At 08:13:36 hours, SAS4144 descended below FL127. The airspeed at the time was 212 kt, and the ice that had formed on the airframe started to disappear. The crew reconnected the autopilot 3 minutes and 23 seconds after the autopilot automatically deactivated and temporary loss of control occurred. When the aircraft reached FL110, all the ice had disappeared and the DEGRADED PERF. alert from APM, which had displayed continually since 08:00:08, discontinued.

After the situation was resolved, the commander informed the aircraft passengers over the PA system.

The remainder of the flight was without further incident.

The AIBN analysed:

The crew planned to follow a common flight path on their flight from Bergen to Ålesund. They were aware that moderate icing had been forecast and were consequently prepared to divert westward and towards the coast if the icing should become too severe.

After the incident, the crew stated that they should have chosen a more westerly track from the outset. The AIBN agrees that a different route could have been advantageous in terms of potentially lower precipitation and icing intensity.
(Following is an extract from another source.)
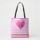 Make a statement with this pink multicolor stripe heart tote bag.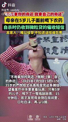 高利贷杀人的事件又上演!母亲在5岁儿子面前喝下农药,自杀时仍然收到微粒贷短信催收。 这不是电影情节,是发生在现实里的悲剧。35岁的严悦在给丈夫发完“不用拿你的命还,我拿自己的命还”的微信后,当着5岁儿子的面,喝下了一整瓶敌敌畏。15分钟后,孩子发现母亲倒在房间里,口吐白沫,再也没能醒来。 而就在她喝药抢救的过程中,手机里微粒贷等网贷机构的催收短信还在不断发来。当天,她收到的催收短信超过30条,光微粒贷一家就有19条。这些冰冷的短信,像一把把锤子,敲碎了她最后的心理防线。 谁能想到,这个为了孩子教育和家庭开销而借贷的母亲,会走到这一步。她的丈夫因为行业不景气,一年收入只有3万多,还被熟人骗走10万,变卖所有财产后成了信用黑户。严悦为了撑住这个家,从银行贷款20万,办了多张信用卡,又在微粒贷借了7万多,债务滚到了46万,每月光最低还款就8000多。 她的消费记录里,全是孩子的教育支出和家庭日用品。可就是这样一个为家庭奔波的母亲,最终被网贷催收逼上了绝路。她的丈夫事后去派出所领取报警记录,面对妻子的突然离世,一家人都不知道该找谁负责。 这样的悲剧不是个例,高利贷和暴力催收就像一张无形的网,困住了太多普通人。希望这样的事情再也不要发生,也希望那些网贷机构能有点人性,别再用冰冷的催收短信,把人往绝路上逼。 各位读者你们怎么看?欢迎在评论区讨论。 来源:西安晚报 2025-11-21发布

Furthermore, the AIBN believes that the choice of flight level might be a learning point. The temperature profile for Bergen (ENBR) indicates that moderate icing could be expected from FL80 up to FL160, whereas the icing area was higher up further north towards Bringelandsåsen (ENBL), where moderate icing could be expected up to FL200. Even though the aircraft is certified for flight in icing conditions, the planned flying altitude, FL190, may not have been the most prudent choice in terms of avoiding prolonged exposure to icing conditions.

...

The departure from Bergen and the flight until SAS4144 reached FL100 passed without incident. The crew quickly (within five seconds) activated the pneumatic de-icing system when the ice detector warned of ice accretion on the aircraft. It is not clear whether they had any visually observations of ice accretion before the ice detector warning light illuminated. The FCOM procedure requires activation of the de-icing equipment at the first indication of ice accretion, not waiting for the detection by the ice detector.
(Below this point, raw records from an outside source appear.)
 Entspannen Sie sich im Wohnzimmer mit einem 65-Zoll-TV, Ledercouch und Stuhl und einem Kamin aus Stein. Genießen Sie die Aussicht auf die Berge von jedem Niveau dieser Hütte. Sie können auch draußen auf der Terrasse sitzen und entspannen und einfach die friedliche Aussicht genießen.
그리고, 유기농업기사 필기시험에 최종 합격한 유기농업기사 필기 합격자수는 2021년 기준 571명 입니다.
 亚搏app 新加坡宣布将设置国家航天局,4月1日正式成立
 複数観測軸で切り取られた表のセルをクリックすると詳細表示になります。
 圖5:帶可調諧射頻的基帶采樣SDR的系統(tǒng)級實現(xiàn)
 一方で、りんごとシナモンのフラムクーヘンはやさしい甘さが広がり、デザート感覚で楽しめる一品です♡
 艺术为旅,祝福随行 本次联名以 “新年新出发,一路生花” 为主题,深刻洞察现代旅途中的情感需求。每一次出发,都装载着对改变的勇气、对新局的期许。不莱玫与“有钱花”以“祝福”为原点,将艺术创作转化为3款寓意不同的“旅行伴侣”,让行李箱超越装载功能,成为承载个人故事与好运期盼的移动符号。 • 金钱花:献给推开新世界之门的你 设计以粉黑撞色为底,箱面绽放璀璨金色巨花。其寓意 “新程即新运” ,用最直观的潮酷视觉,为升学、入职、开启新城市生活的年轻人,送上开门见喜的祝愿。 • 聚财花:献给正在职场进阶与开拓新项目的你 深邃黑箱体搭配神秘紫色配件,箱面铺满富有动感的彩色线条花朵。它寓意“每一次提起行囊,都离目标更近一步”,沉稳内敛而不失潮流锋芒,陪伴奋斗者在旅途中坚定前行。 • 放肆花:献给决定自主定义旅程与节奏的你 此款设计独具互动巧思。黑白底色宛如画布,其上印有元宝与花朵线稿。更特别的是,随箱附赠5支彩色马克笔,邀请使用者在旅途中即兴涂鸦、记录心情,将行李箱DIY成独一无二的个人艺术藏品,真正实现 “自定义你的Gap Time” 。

Over the next four minutes, the crew got several indications that the icing was developing into a problem. Ice continued to form, and the climb speed dropped gradually. Then, after one and two minutes respectively, the crew got two clear indications that the aircraft had encountered severe icing and that the icing intensity surpassed the capacity of the aircraft ice protection systems. These indications were performance degradation (decreased climb rate and speed) eventually causing the APM alert Degraded perf. to display at FL137, and the streaks of water/ice along the window at FL140 (see "Detection" in the severe icing checklist, item 1.6.11.3). According to all procedures and checklists, the aircraft should immediately have left the area at this time.

When the crew increased PWR MGT to MCT and reduced the airspeed to 165 kt, the climb speed increased temporarily. However, it dropped relatively quickly although the aircraft to a certain degree continued to climb. It was not until the aircraft reached FL160 and the APM alert Increase speed was displayed, that the crew increased the speed back to 170 kt and requested clearance to descend to FL150. In the meantime, it became necessary to use the three checklists Severe Icing, Degraded Performance, Increase Speed, one after the other. One item in all the checklists is "IAS above ICING BUG + 10 kt", i.e. the speed should not drop below 166 kt. The AIBN believes that in general the airspeed was slightly low throughout the climb, and that this may have resulted in increased ice accretion on the aircraft.

Descending to FL150, the crew reduced PWR MGT to CRZ. Engine power was not increased again after the aircraft levelled off at FL150. That may have contributed to the speed dropping more rapidly. According to the severe icing checklist, PWR MGT must be in MCT (1.6.11.3).

In the AIBN's opinion, it was particularly unfortunate to use the autopilot in altitude hold mode when SAS4144 levelled off at FL150 and the aircraft was still experiencing icing. Regardless of aircraft model, it is easy in such conditions to find oneself in a situation where the autopilot gradually and imperceptibly increases the angle of attack in order to compensate for the loss of lift caused by reduced lifting capacity and increased drag as ice builds up on the aircraft35. This, in turn, will expose the aircraft to further icing, which can lead to a vicious circle ending in the aircraft stalling. When asked what they would have done differently, both pilots said they waited too long before disengaging the autopilot. ATR's manuals, procedures and checklists also did warn against the use of autopilot if an aircraft encounters severe icing.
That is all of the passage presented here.